The bee balm sisters help those troubled by indigestion, colic, gas pain, flatulence, diarrhea, nausea, vomiting, bloating, colds, sore throat, fever, headache, sinusitis, sore eyes, nosebleed, eczema, chills, bleeding gums, tooth decay, parasites, and backache. Breathe the fragrant steam of any bergamot to open to lungs, promote deeper breathing, counter bronchitis, and relieve lung congestion. Try a poultice against bee stings and headaches, skin eruptions (measles, chicken pox).

 Scarlet bee balm, Oswego tea (Monarda didyma)

This is my favorite of the Monardas, and often the most difficult to find. It is considered endangered or threatened in parts of its range. The fragrance is neither minty nor oregano-y, neither citrus nor thyme, but partakes of all these with a soft and subtle sweetness. The long-lasting flower is a clear red with a hint of purple. Scarlet bee balm is my secret ingredient in comfrey infusion. One stalk of dried herb, with leaves and flowers is added to one ounce of dried comfrey leaf and infused in a quart of boiling water overnight. Be sure to use the scarlet bee balm, not the others; they are too rich in volatile oils. Some books suggest that scarlet bee balm gets bitter after it flowers, but I have not found that to be the case.

  Wild Bergamot (Monarda fistulosa)

This is the most common wild Monarda. It contains more thymol and oreganol than Oswego tea. This makes it more interesting as a medicine – and much stronger tasting – than its more red-flowered sister. Does this one become bitter if harvested after the flowers open? It is too late this year to test this idea out, but I shall endeavor to do so next year. I’ve always harvested the whole flowering top, dried it until crisp, crumbled the leaves and petals off the stalk and then used it in soups for a powerful antioxidant and a flavor enhancer. A wild bergamot leaf poultice was used by native people’s to dry up pimples and other skin rashes. Herbalists in Colorado tincture their strongly scented, high altitude, powerful tasting wild Monarda and use it as an antiviral and anti-infective.

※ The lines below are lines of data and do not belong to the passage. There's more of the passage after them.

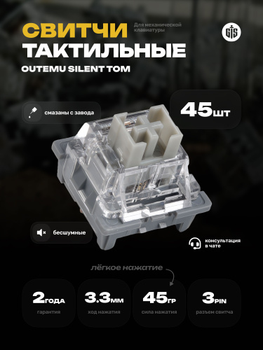 Механические переключатели (бесшумные свитчи) Outemu Silent Tom 45 штук, тихие, тактильные, 3-pin, смазаны, 45 грамм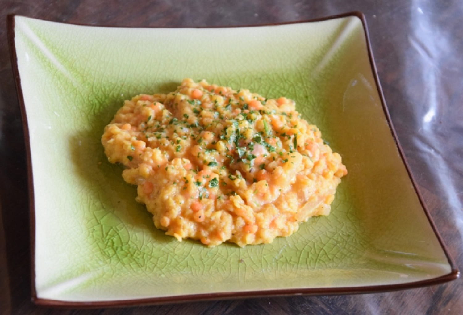 Cocotte de lentilles corail au curry, lait de coco et saumon fumé (IG bas)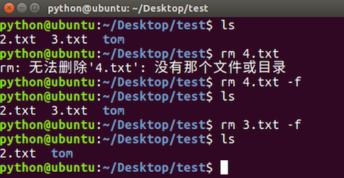 rm -f命令选项效果图: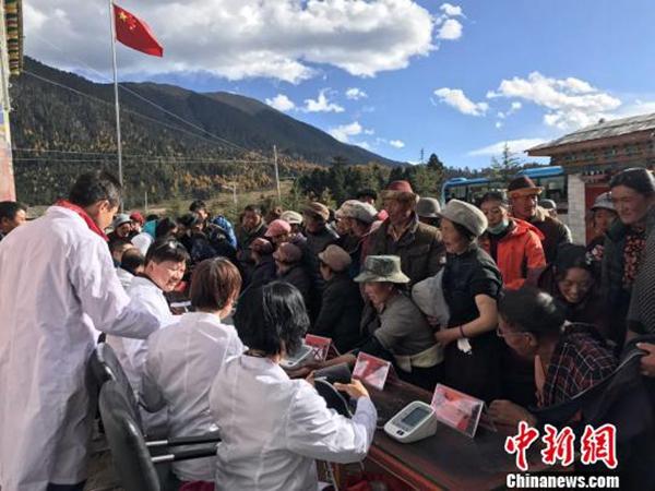 圖為援藏醫(yī)生為林芝農(nóng)牧民義診贈(zèng)藥。圖片來源:中新網(wǎng) 攝影:張寧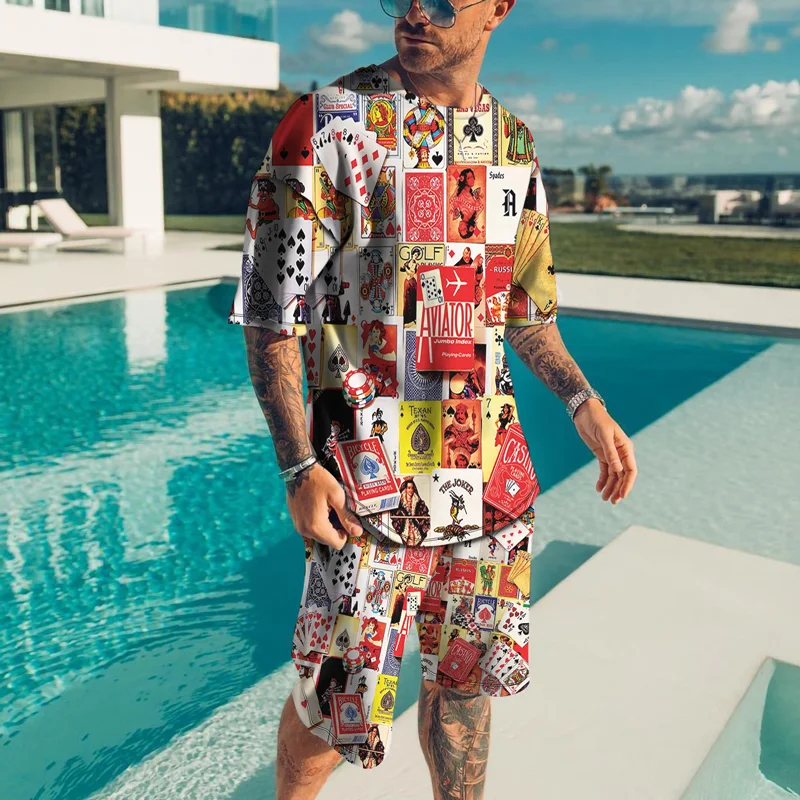 Отзывы о Летние мужские комплекты игральные карты с принтом футболка короткими рукавами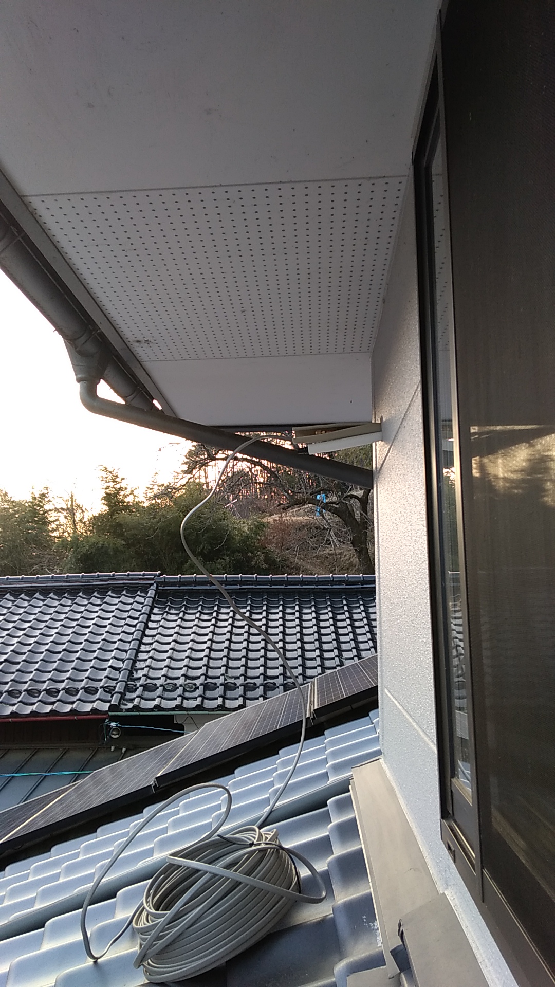 外側はというと、こんな状態。。明日は、室外機を設置します。

  Cultivated Bergamot (Monarda x)

The most commonly sold Monarda cultivars seem to be a cross between the lovely lilac fistulosa bergamot and the stately red didyma bergamot, with the resulting plants having far more oreganol and thymol than the pale purple fistulosa and not nearly as nice a taste as the scarlet red didyma. I admit to finding the colors of the cultivars rather off putting as well. Like the scent and the taste, the concentration of oils in cultivated Monardas is over the top. Too much, I say.

   Horsemint (Monarda punctata)

I have yet to find this Monarda growing near to me, so no photo of it, but this plant is hard to miss. It looks like the other bergamots, but with wide-jawed yellow flowers dotted with small purple spots and held by bright white or lilac bracts. This one is loaded with volatile oils and is prized as a medicine. It contains more thymol than thyme itself does. I think I will buy a few plants of punctata from Richter’s in Ontario and see if I can get it to grow in my garden. (They probably have didyma too, if you are looking for it.)